Influence of Childhood Maltreatment on Morphometry and Brain Network Architecture in Bipolar Disorder
Martin Teicher of McLean Hospital, Harvard Medical School, reported on the influence of childhood maltreatment on morphometry and brain network architecture in Bipolar Disorder.
“Childhood maltreatment (MAL) is common in individuals with bipolar disorder (BP) and is associated with earlier onset, more severe course, and more comorbidities.” They found that reduced hippocampal volume and white matter alterations were present in those with a history of childhood maltreatment. They concluded that “MAL may act as a sensitizer promoting the emergence of bipolar symptoms in individuals with less severe network abnormalities” than in BP patients with no MAL.
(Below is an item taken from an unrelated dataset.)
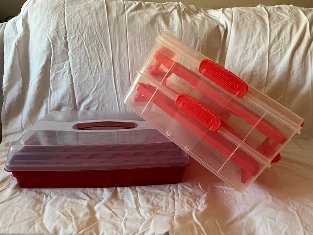 These are used baking containers, perfect for transporting muffins or cupcakes to your next event. There is one container that can hold 24 cupcakes and another container with adjustable dividers, so your baked goods will stay safe and secure! As these containers are used, they have some signs of wear and tear, but they are still fully functional and ready to use. * Holds 24 cupcakes/muffins * Adjustable dividers I am pricing these at $15 due to the better-than-average condition. If the ad is up, it's available!

Potential of Environmental Enrichment to Prevent Transgenerational Effects of Paternal Trauma
Gapp, K. et al. wrote about the “Potential of Environmental Enrichment to Prevent Transgenerational Effects of Paternal Trauma” in Neuropsychopharmacol 41, 2749–2758 (2016).
They “used a mouse model of unpredictable maternal separation combined with unpredictable maternal stress (MSUS) to examine the consequences of traumatic stress on coping behaviors in adulthood and across generations, and the potential contribution of (glucocorticoid receptors) GR. We show that MSUS affects avoidance behaviors and learning in aversive environments in exposed fathers and their male offspring. This is associated with an increase in GR expression in the hippocampus, and with decreased DNA methylation of GR promoter in the hippocampus and in germ cells. We show that transmission of the effects of paternal trauma can be prevented by paternal (environmental enrichment) EE, suggesting a reversibility of these effects.”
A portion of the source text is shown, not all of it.